Zhu is the vice president of Suntech Power, which has an annual output of 10 million solar panels.
No company in the world makes more than his, and no country in the world buys more than Germany.
"We really have to thank Germany," says Zhu, whose office is in Wuxi, a city on China's eastern coast. He raves about Germany -- about the clean air, about the politicians who decided early on to subsidize the production of green energy, and about the country's eco-conscious customers. Nearly one-third of the modules from his factory are sold to Germany.
Reiner Beutel stands in his solar technology plant 8,500 kilometers (5,300 miles) away, in Bitterfeld-Wolfen, and says he's not prepared to simply admit defeat.
"We intend to undercut the Chinese on price," says Beutel, who is CEO of German solar cell maker Sovello.
He raps on the aluminum frame and says, in English: "Made in Germany." Beutel wants to save the German solar panel. Though he's fighting an uphill battle, he still believes he has a chance.

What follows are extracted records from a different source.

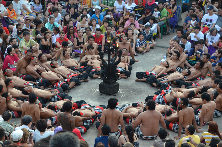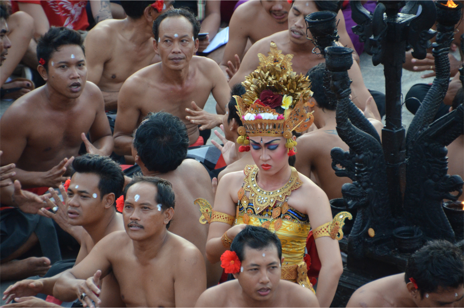 From our high vantage point I sat in awe, admiring the exquisite costumes, the skillful restraint of the dancers, the expressiveness in their eyes and facial muscles, and the haunting sound of the male chorus, whose voices ebbed and flowed in unison as they chanted “cak cak cak”.
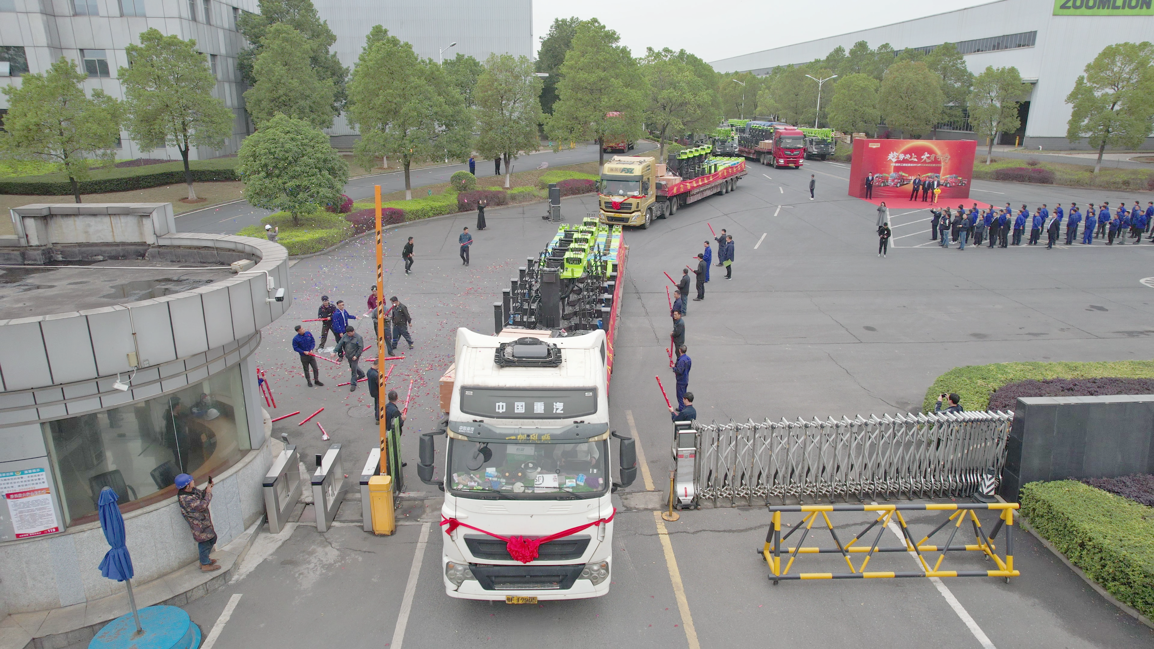 3月12日上午,在中聯(lián)重科常德漢壽園區(qū),一輛輛載著隨車吊產(chǎn)品的貨車排成長龍,隨著中聯(lián)重科工起公司總經(jīng)理助理王立明的一聲令下,這些隨車吊產(chǎn)品在禮炮與掌聲中緩緩駛出了漢壽基地的大門,奔向了無限廣闊的市場,為各地建設(shè)提供新助力。
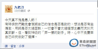 下午九把刀則有感而發地寫道「今天真不愧是愚人節!有時候我們難免會懷疑自己的信念是否是對的,想法是否有些偏激,用詞是否太過固執,一切會不會太過理想主義而流於天真武斷。但,看到神級的『屎一樣的對手』時,心中不免慶幸自己終究做對了選擇。」許多網友不禁揣測與「反反服貿」的千人上街頭抗議有關係。
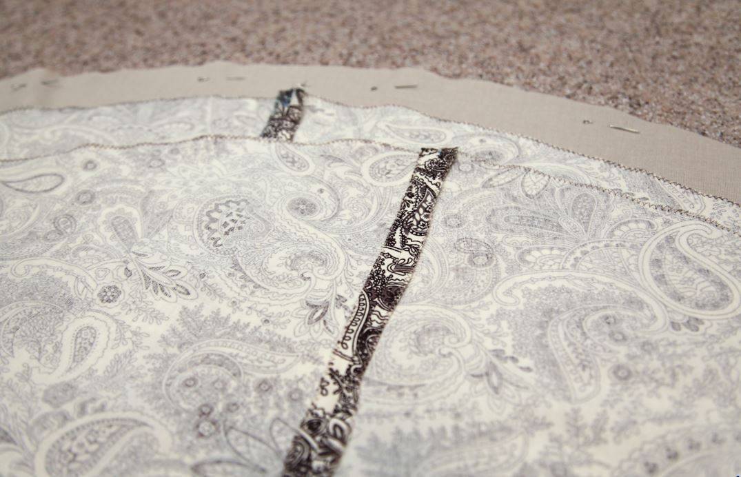 Завязки можно пристрочить отдельной строчкой или вшить их при выполнении контурного шва. Наличие завязок поможет подобрать нужный диаметр подушки и её форму.

Nevertheless, he was hit by yet another setback when his company filed for bankruptcy two weeks ago. Now he's hoping to find new investors who, under the more favorable terms of the insolvency proceedings, are prepared to put money into this future-oriented industry.
Beutel is engaged in a fight being waged between two continents and two economic systems. In China, the communist government controls the economy, meaning that it steers and supports large, private companies, including manufacturers of solar panels, like Suntech. Its competitors, German manufacturers of solar technology, suspect that companies like Suntech have only grown so powerful thanks to government assistance and that China is providing its solar companies with cheap loans.
In a sense, it's a battle of state capitalism versus market capitalism. But there's not a genuine market for solar modules in Germany, either. Instead, there's a market that politicians created in 2000 with the Renewable Energy Sources Act (EEG), which promised tens of thousands of green jobs and now steers half of its €14 billion ($17.6 billion) in annual funding toward the solar industry.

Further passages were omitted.